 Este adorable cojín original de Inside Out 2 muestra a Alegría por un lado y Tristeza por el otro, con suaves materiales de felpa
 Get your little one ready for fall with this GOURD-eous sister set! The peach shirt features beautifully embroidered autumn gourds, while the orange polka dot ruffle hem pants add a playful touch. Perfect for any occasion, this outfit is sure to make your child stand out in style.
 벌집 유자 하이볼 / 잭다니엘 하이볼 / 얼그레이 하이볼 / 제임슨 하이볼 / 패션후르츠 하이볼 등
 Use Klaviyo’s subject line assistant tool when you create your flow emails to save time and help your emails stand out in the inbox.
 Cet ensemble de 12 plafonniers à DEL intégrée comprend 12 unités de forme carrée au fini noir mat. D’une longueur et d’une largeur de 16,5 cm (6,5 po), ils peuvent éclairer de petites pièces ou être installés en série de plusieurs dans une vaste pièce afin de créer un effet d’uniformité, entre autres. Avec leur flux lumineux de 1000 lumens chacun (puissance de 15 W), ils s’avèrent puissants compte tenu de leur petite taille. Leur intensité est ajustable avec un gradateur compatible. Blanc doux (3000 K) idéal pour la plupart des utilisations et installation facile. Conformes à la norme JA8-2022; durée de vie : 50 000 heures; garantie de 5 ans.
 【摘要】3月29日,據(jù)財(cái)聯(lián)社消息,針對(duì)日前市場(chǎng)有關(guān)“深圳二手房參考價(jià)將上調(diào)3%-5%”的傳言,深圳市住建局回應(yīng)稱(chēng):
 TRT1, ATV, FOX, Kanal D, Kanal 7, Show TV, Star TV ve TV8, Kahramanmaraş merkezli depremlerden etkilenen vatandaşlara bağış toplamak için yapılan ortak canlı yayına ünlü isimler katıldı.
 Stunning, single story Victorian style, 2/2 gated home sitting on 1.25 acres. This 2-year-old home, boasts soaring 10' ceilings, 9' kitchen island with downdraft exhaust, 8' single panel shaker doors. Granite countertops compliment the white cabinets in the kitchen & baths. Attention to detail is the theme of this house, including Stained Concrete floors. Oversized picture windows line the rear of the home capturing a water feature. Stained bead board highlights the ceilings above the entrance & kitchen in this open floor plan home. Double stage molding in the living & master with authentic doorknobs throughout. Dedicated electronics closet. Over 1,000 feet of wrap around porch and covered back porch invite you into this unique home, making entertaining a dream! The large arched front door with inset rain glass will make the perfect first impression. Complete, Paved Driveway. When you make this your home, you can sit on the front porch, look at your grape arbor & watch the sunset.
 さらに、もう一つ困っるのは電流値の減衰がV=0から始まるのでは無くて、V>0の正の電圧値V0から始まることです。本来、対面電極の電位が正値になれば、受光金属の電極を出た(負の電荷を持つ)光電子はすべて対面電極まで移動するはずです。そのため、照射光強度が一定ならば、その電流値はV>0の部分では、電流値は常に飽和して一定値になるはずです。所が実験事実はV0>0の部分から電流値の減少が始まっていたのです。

▸ YOUR TASK
Identify the lines of the data that contain the word "this". Copy each of them.

▸ TASK RESULT
 Get your little one ready for fall with this GOURD-eous sister set! The peach shirt features beautifully embroidered autumn gourds, while the orange polka dot ruffle hem pants add a playful touch. Perfect for any occasion, this outfit is sure to make your child stand out in style.
 Stunning, single story Victorian style, 2/2 gated home sitting on 1.25 acres. This 2-year-old home, boasts soaring 10' ceilings, 9' kitchen island with downdraft exhaust, 8' single panel shaker doors. Granite countertops compliment the white cabinets in the kitchen & baths. Attention to detail is the theme of this house, including Stained Concrete floors. Oversized picture windows line the rear of the home capturing a water feature. Stained bead board highlights the ceilings above the entrance & kitchen in this open floor plan home. Double stage molding in the living & master with authentic doorknobs throughout. Dedicated electronics closet. Over 1,000 feet of wrap around porch and covered back porch invite you into this unique home, making entertaining a dream! The large arched front door with inset rain glass will make the perfect first impression. Complete, Paved Driveway. When you make this your home, you can sit on the front porch, look at your grape arbor & watch the sunset.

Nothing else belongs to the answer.